La Alimentación: La tribu urbanita tiene unas costumbres dietéticas fascinantes. Rechazan con desprecio mis gloriosos torreznos («demasiada grasa saturada»), pero luego no tienen problema en pedir un «gin-tonic premium» a las cinco de la tarde. En el desayuno, se produce el gran choque cultural. Me piden «café con leche de avena y un toque de canela de Ceylán». Yo les pongo la leche de vaca de toda la vida, la que me trae el lechero del pueblo de al lado, y le espolvoreo un poco de canela en polvo La Carmencita. Nunca nadie ha notado la diferencia. También me piden «tostada de pan de masa madre con aguacate y semillas de chía». Yo les pongo una rebanada de pan de hogaza con tomate rallado y un chorro de aceite de oliva virgen extra. Cuando preguntan por la chía, les digo que se nos ha acabado, que ha habido problemas con el proveedor de los Andes. Se quedan contentísimos con la «autenticidad» del producto local.

La Interacción con el Entorno: Para el urbanita, el pueblo no es un lugar, es un decorado. Un parque temático de la «vida rural». Le hacen fotos a todo lo que se mueve y a lo que no. A las gallinas de la señora Remedios, que ya están más fotografiadas que la Torre Eiffel. A mi tractor, un Ebro del 78 que suda aceite pero que sigue arando. Y, por supuesto, a los ancianos. Nos miran a los del pueblo como si fuéramos una especie en vías de extinción, los últimos neandertales. Nos observan con una mezcla de curiosidad, condescendencia y una pizca de envidia por nuestra «vida sencilla», una vida que ellos no aguantarían ni cuarenta y ocho horas.

La prueba definitiva de esta teoría entró por la puerta a media tarde. Era una chica joven, de unos veinte años, con un teléfono montado en un palo selfie que parecía un cetro de poder. La reconocí al instante: era una influencer. La Antropóloga Digital.

«¡Hola, followers!», dijo, hablando a su pequeño rectángulo de cristal. «¡Estoy en este lugar súper auténtico, súper real! ¡He encontrado la verdadera España!». Empezó a grabar un paneo del bar, deteniéndose en la cabeza del jabalí. «¡Mirad qué decoración tan rústica! ¡Y la gente es maravillosa!».

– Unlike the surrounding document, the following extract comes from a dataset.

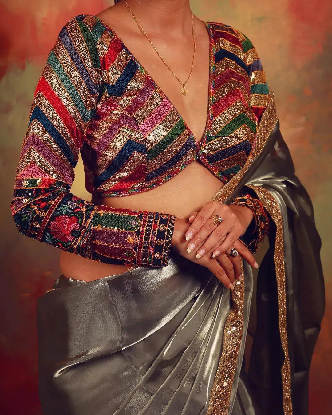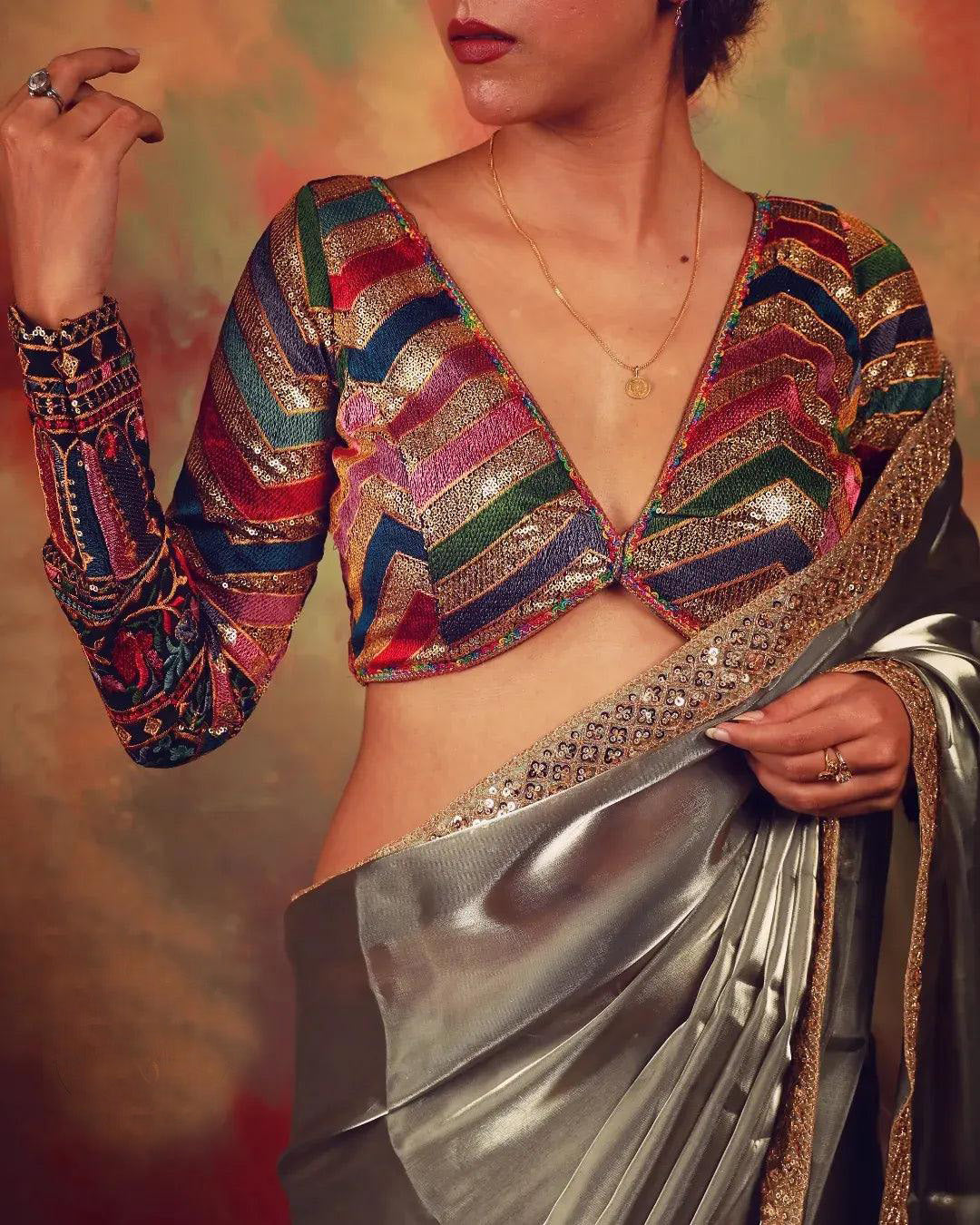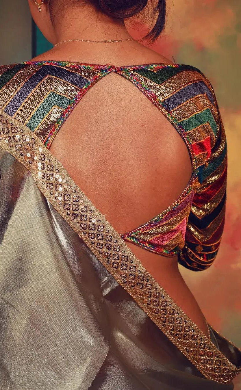 Pair this blouse with a silk saree, tissue saree, or georgette drape. It also looks great with lehengas or skirts. The detailed sequin work sparkles softly, making it perfect for evening events.

Y entonces, cometió el error. Giró la cámara y enfocó directamente a la mesa de «La Comisión de Sabios».
«¡Y mirad qué señores tan majos! ¡Están jugando a un juego de cartas súper tradicional! ¡Hola!», saludó, con la efusividad de una presentadora de programa infantil.

Los cuatro jubilados levantaron la vista de sus cartas. La partida, un momento sagrado, había sido profanada. Se quedaron mirándola, inmóviles. El silencio en la mesa era más denso que la niebla de noviembre.

Finalmente, Mariano, el más cascarrabias de los cuatro, dejó sus cartas sobre la mesa, se levantó lentamente, apoyándose en su bastón, y se acercó a la chica. La influencer le sonrió, esperando una anécdota entrañable de un abuelito de pueblo.

«Señorita», dijo Mariano, con una voz seca y cortante como el cierzo. «O apaga usted el cacharro ese, o le cobro derechos de imagen. Y mi cara, a estas alturas, cotiza alta. Que no estamos en el zoológico».

La chica se quedó con la boca abierta y el palo selfie temblando en la mano. No sabía si aquello era parte de la «experiencia auténtica» que había venido a buscar, o si el abuelo le iba a dar un bastonazo. La invasión había encontrado su primera línea de resistencia.